(Record extracts begins)

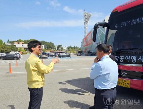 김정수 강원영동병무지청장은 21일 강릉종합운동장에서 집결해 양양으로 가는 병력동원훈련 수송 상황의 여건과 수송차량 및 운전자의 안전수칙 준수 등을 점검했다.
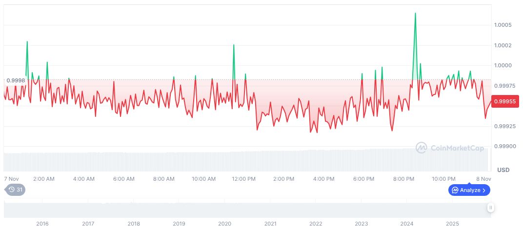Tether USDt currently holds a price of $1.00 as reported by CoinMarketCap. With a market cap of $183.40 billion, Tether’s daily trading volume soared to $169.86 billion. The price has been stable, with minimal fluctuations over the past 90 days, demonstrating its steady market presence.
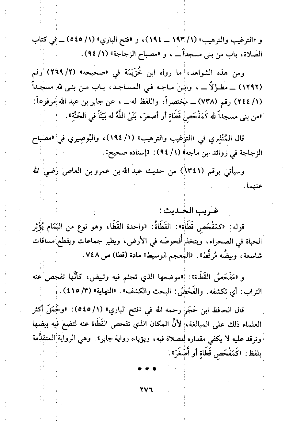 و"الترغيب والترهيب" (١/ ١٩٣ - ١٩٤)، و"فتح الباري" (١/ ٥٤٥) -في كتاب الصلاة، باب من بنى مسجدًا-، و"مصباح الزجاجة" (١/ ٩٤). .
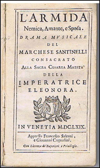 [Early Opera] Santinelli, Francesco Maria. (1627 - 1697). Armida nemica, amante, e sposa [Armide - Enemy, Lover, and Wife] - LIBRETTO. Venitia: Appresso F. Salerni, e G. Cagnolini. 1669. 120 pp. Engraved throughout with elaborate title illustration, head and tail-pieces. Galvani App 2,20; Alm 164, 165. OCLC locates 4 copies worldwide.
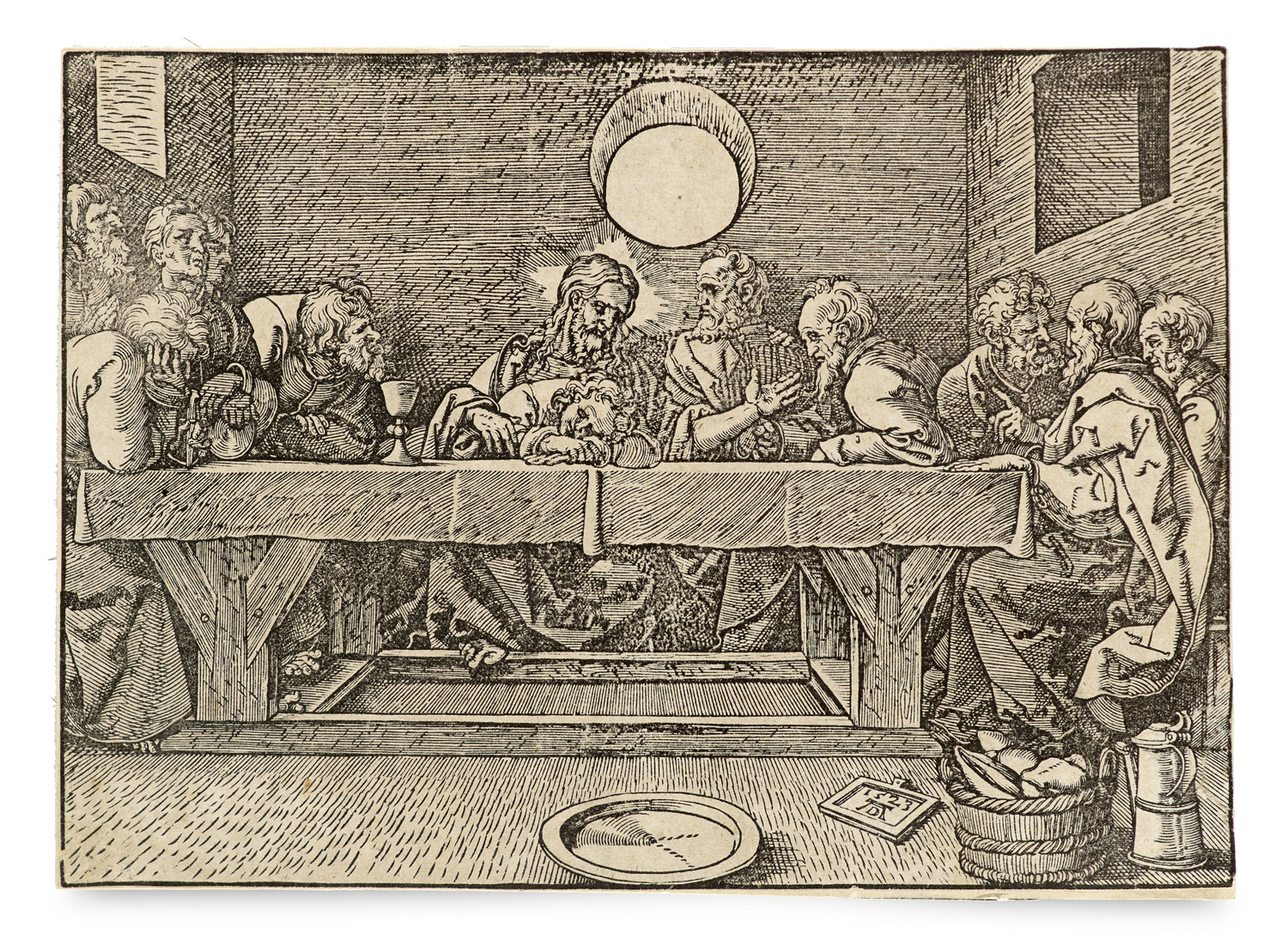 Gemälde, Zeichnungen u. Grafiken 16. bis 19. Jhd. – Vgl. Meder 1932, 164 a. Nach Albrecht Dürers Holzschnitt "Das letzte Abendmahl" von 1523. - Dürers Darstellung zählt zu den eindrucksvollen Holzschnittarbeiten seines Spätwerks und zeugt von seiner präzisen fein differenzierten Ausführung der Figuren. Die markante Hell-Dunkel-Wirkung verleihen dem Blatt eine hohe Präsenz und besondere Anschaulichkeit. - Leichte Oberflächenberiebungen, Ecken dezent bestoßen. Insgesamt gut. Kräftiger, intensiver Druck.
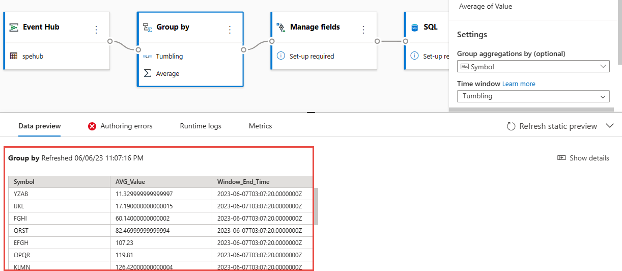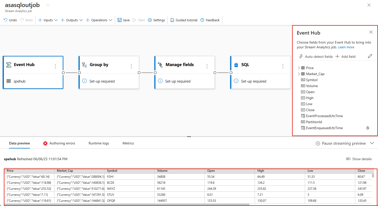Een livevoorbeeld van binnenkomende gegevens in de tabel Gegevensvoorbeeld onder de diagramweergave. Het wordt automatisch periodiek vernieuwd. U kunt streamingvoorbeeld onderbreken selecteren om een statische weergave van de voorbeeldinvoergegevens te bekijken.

(Record extracts ends)
(Record extracts begins)

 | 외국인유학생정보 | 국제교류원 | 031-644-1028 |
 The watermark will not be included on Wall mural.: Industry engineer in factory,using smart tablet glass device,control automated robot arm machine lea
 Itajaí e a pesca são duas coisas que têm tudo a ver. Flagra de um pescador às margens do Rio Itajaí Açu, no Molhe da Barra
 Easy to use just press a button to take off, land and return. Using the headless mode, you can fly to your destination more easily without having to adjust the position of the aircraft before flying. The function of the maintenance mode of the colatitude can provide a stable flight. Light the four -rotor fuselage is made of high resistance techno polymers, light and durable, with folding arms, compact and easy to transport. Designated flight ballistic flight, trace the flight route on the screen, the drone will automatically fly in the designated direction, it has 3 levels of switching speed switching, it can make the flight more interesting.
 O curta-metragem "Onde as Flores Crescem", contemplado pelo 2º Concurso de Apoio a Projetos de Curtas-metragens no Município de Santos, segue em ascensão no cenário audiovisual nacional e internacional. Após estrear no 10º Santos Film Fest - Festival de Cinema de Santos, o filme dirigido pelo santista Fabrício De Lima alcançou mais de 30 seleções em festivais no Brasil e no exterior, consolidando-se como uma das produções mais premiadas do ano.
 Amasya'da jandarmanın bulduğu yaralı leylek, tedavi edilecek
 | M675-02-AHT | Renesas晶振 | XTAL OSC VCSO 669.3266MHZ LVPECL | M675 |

(Record extracts ends)

**Task to carry out**
One stretch of the lines above is wanted, from the line that contains "premiadas do ano." through the line that contains "LVPECL | M675 |". Output it exactly.

**Output for this exercise**
 O curta-metragem "Onde as Flores Crescem", contemplado pelo 2º Concurso de Apoio a Projetos de Curtas-metragens no Município de Santos, segue em ascensão no cenário audiovisual nacional e internacional. Após estrear no 10º Santos Film Fest - Festival de Cinema de Santos, o filme dirigido pelo santista Fabrício De Lima alcançou mais de 30 seleções em festivais no Brasil e no exterior, consolidando-se como uma das produções mais premiadas do ano.
 Amasya'da jandarmanın bulduğu yaralı leylek, tedavi edilecek
 | M675-02-AHT | Renesas晶振 | XTAL OSC VCSO 669.3266MHZ LVPECL | M675 |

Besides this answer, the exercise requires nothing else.